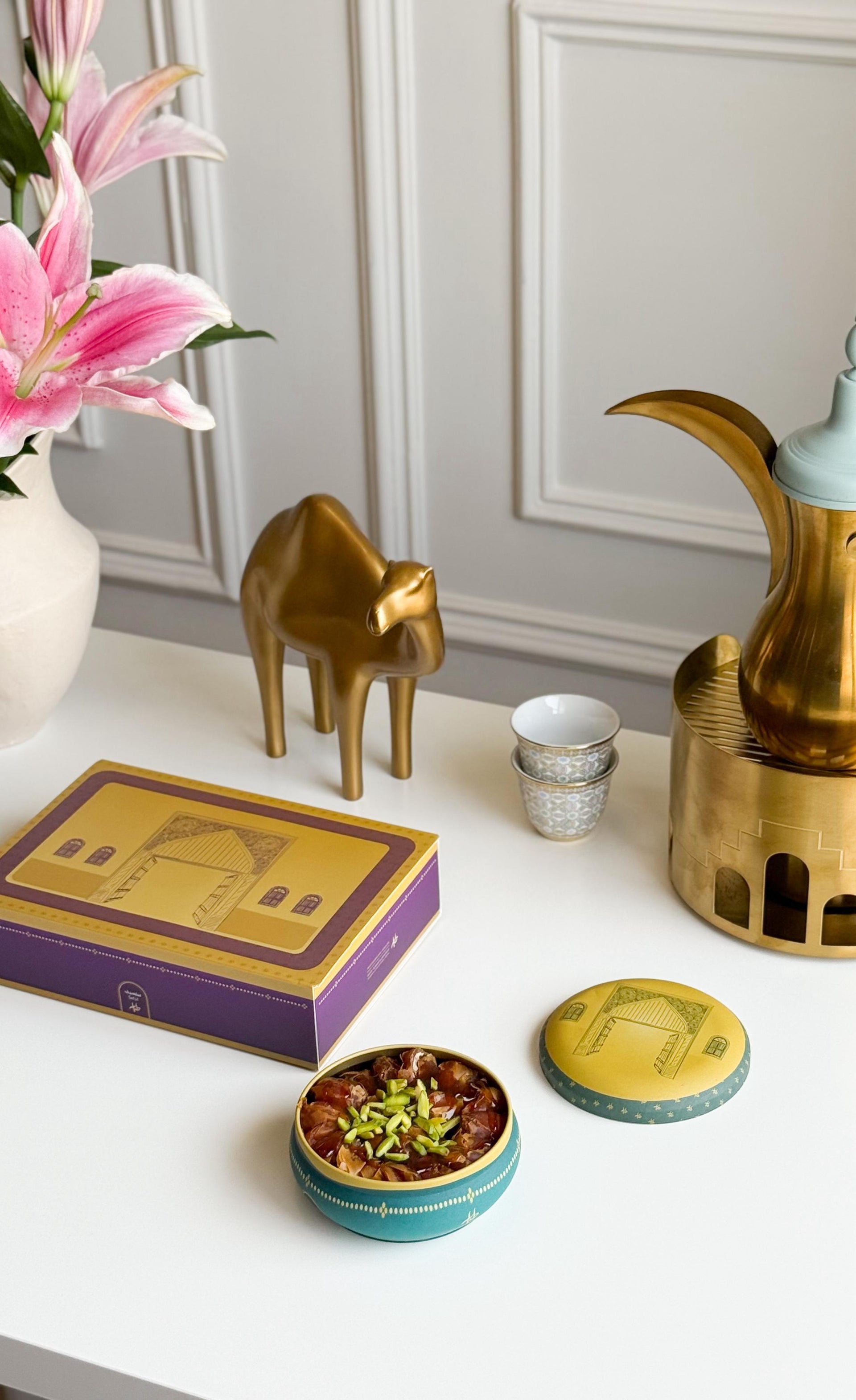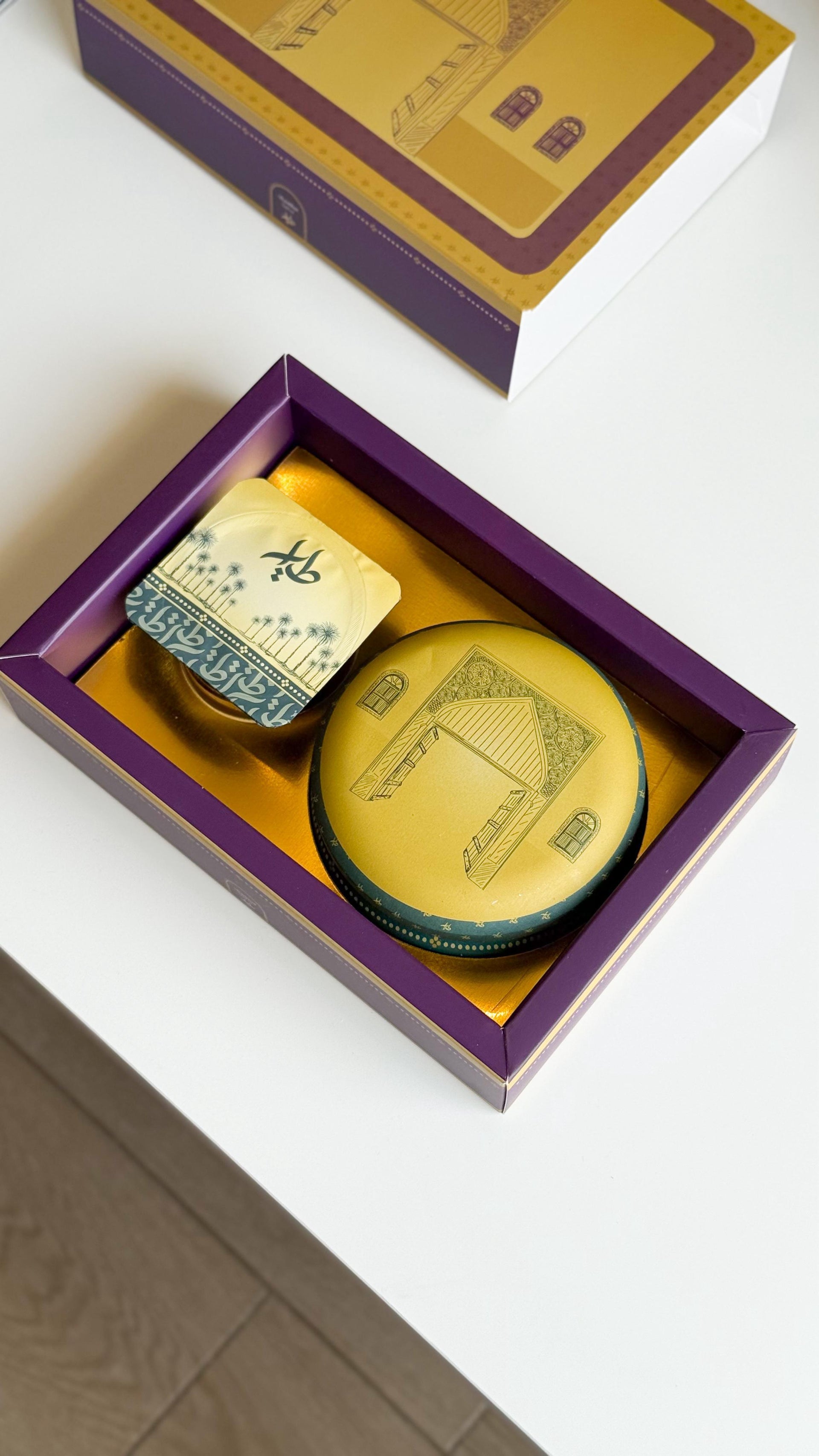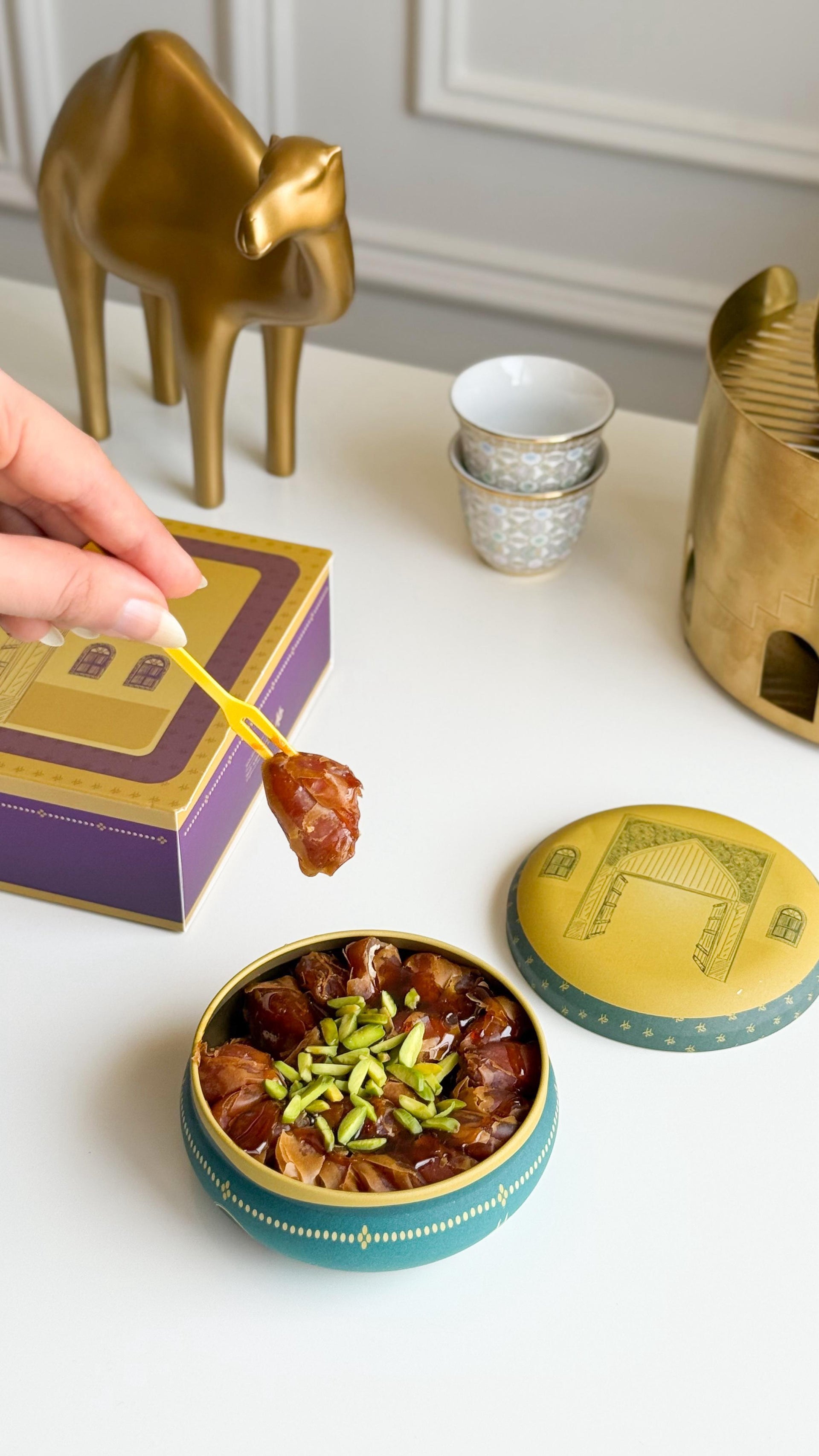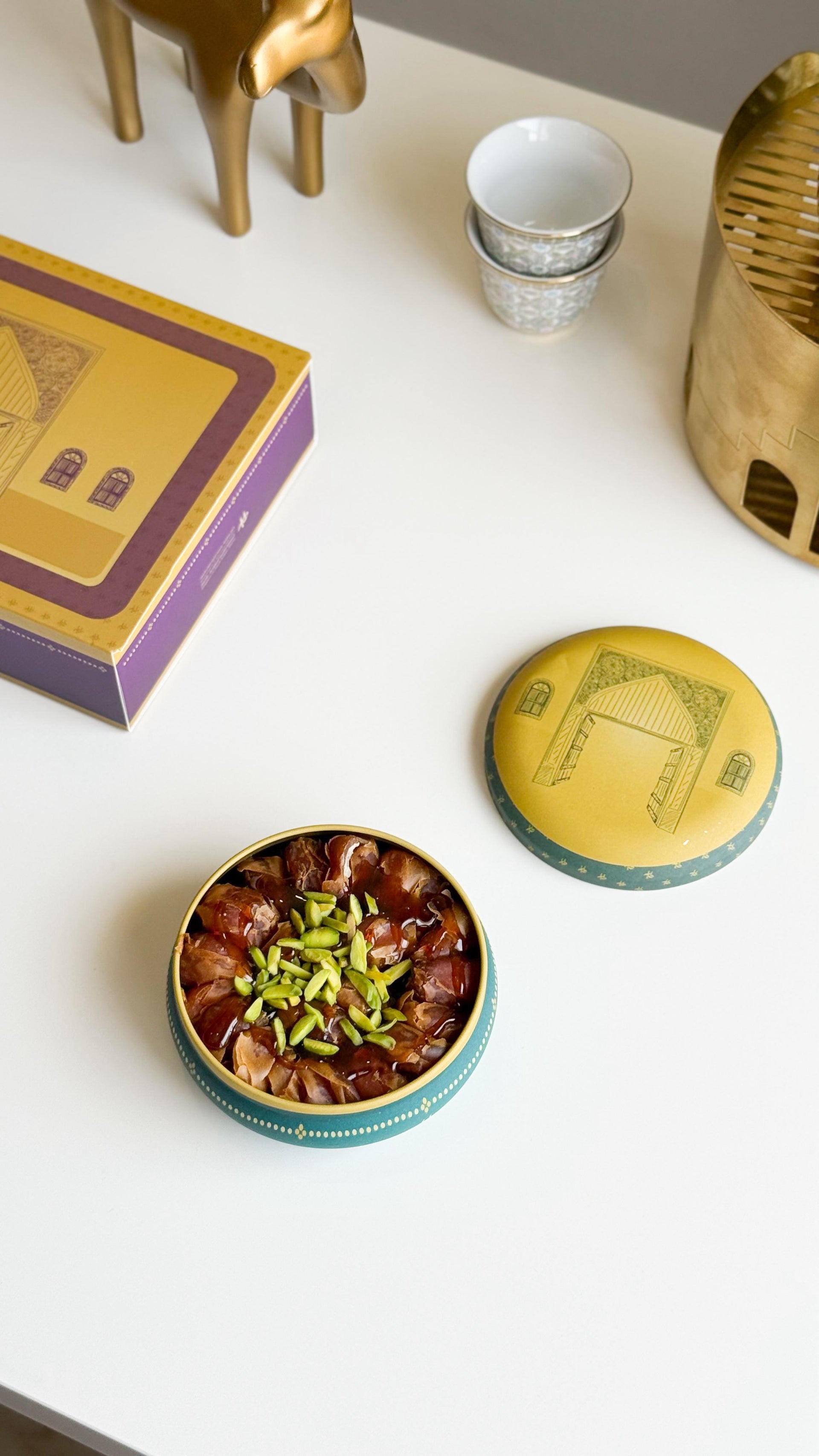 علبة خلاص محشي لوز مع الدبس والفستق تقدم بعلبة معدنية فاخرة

---

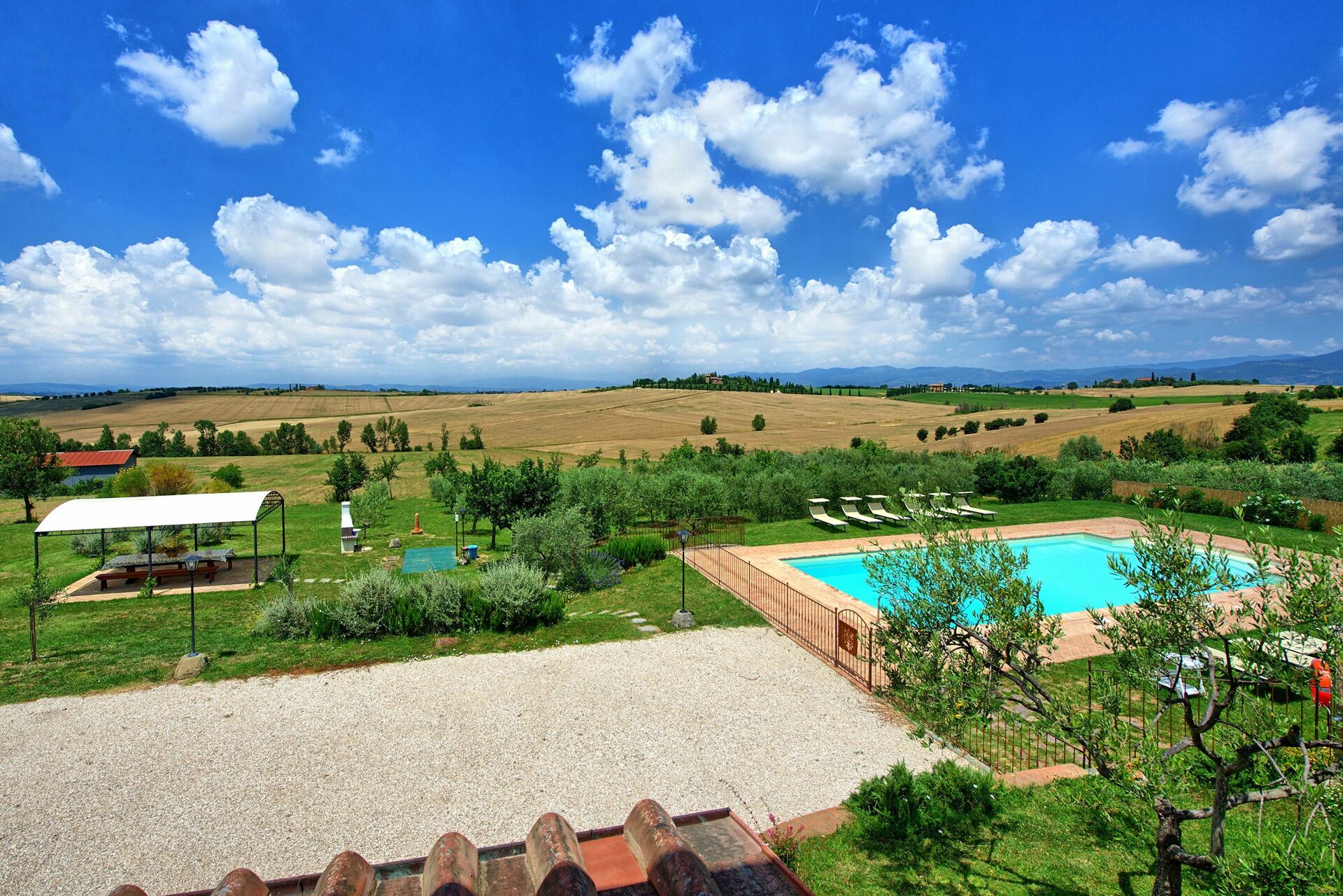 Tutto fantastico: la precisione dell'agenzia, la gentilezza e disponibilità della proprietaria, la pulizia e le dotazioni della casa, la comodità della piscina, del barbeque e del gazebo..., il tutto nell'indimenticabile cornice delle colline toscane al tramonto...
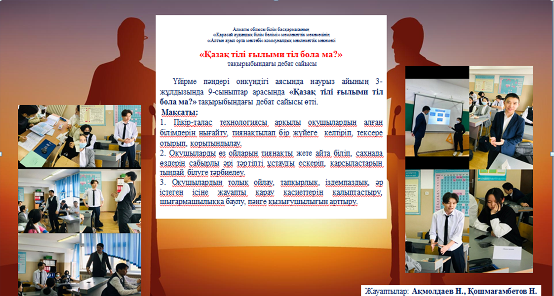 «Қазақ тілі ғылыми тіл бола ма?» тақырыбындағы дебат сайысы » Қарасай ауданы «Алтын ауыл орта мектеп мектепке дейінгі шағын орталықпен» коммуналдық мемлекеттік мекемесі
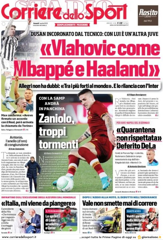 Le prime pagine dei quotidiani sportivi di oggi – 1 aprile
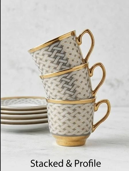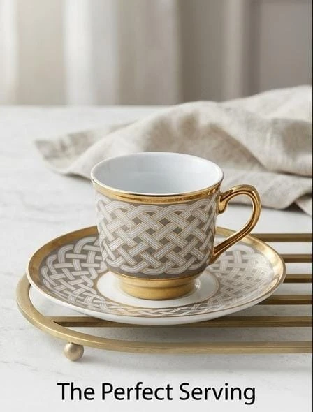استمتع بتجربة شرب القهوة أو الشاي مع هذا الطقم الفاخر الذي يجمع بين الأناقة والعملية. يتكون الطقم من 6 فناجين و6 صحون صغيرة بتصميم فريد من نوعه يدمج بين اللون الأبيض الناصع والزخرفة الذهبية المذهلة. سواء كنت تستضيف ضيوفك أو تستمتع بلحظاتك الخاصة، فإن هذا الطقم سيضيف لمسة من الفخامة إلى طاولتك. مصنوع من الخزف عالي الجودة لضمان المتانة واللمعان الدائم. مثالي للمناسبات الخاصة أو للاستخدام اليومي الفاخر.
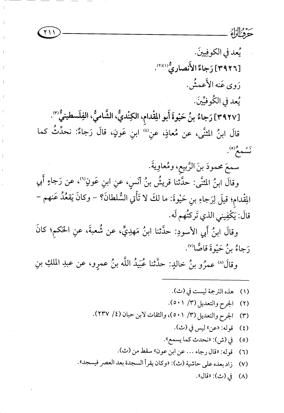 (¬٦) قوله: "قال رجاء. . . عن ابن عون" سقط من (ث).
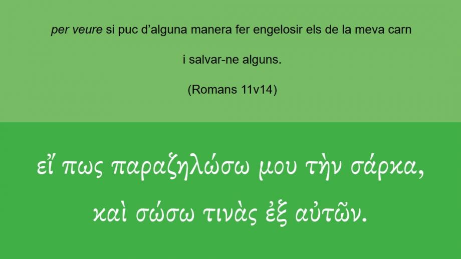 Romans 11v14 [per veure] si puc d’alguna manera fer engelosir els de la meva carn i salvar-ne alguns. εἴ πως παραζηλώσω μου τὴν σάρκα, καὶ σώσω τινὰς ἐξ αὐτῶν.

...

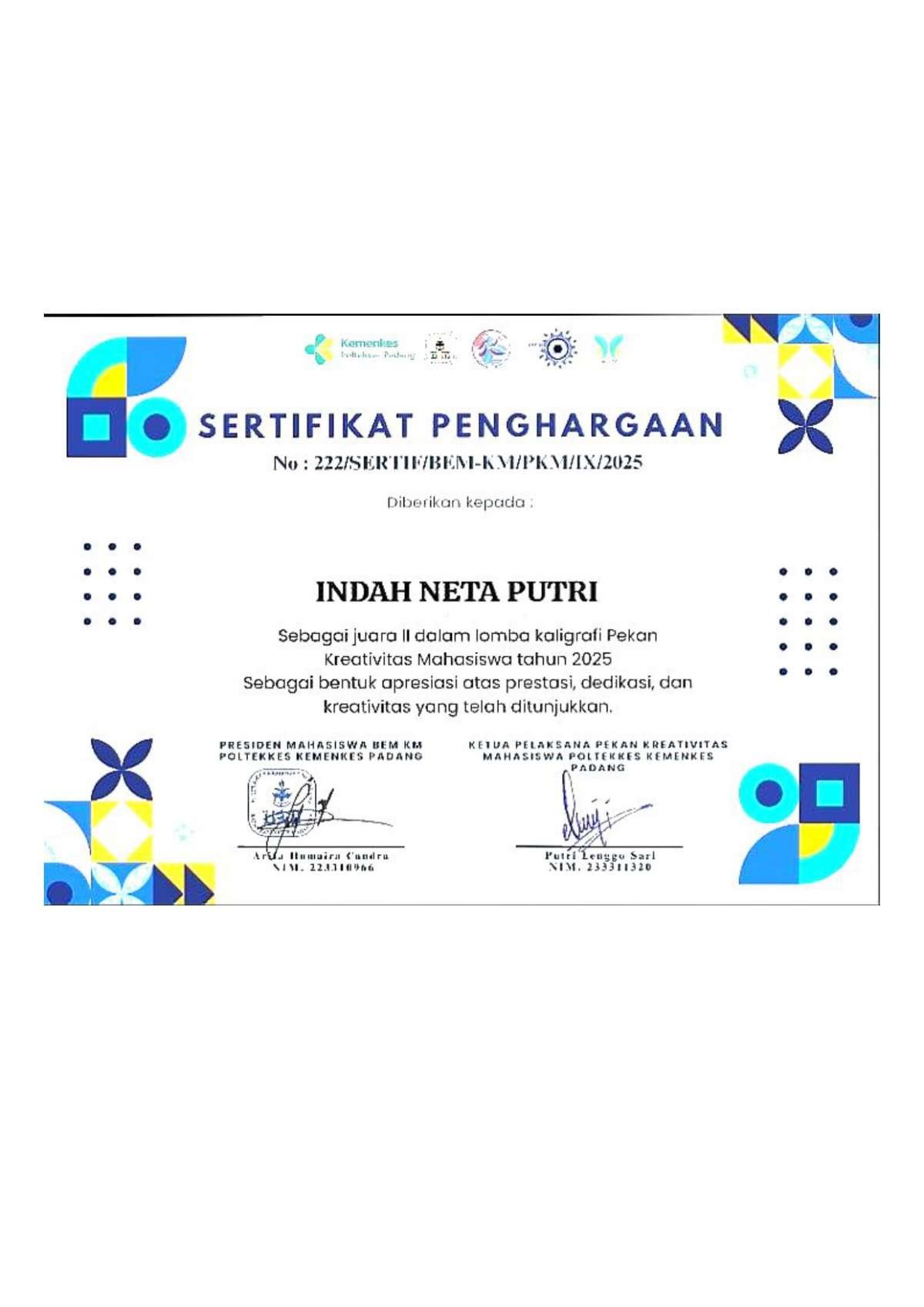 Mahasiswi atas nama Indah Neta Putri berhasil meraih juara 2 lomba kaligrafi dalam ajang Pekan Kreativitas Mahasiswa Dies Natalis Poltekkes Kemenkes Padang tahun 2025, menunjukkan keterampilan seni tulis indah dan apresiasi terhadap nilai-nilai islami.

* [EXERCISE DIRECTIONS]:
Above is the material; set down exactly its lines from the one containing "коммуналдық мемлекеттік мекемесі" down to the one containing "Le prime pagine", both included, leaving out any pictures.

* [WRITTEN SOLUTION]:
 «Қазақ тілі ғылыми тіл бола ма?» тақырыбындағы дебат сайысы » Қарасай ауданы «Алтын ауыл орта мектеп мектепке дейінгі шағын орталықпен» коммуналдық мемлекеттік мекемесі
 Le prime pagine dei quotidiani sportivi di oggi – 1 aprile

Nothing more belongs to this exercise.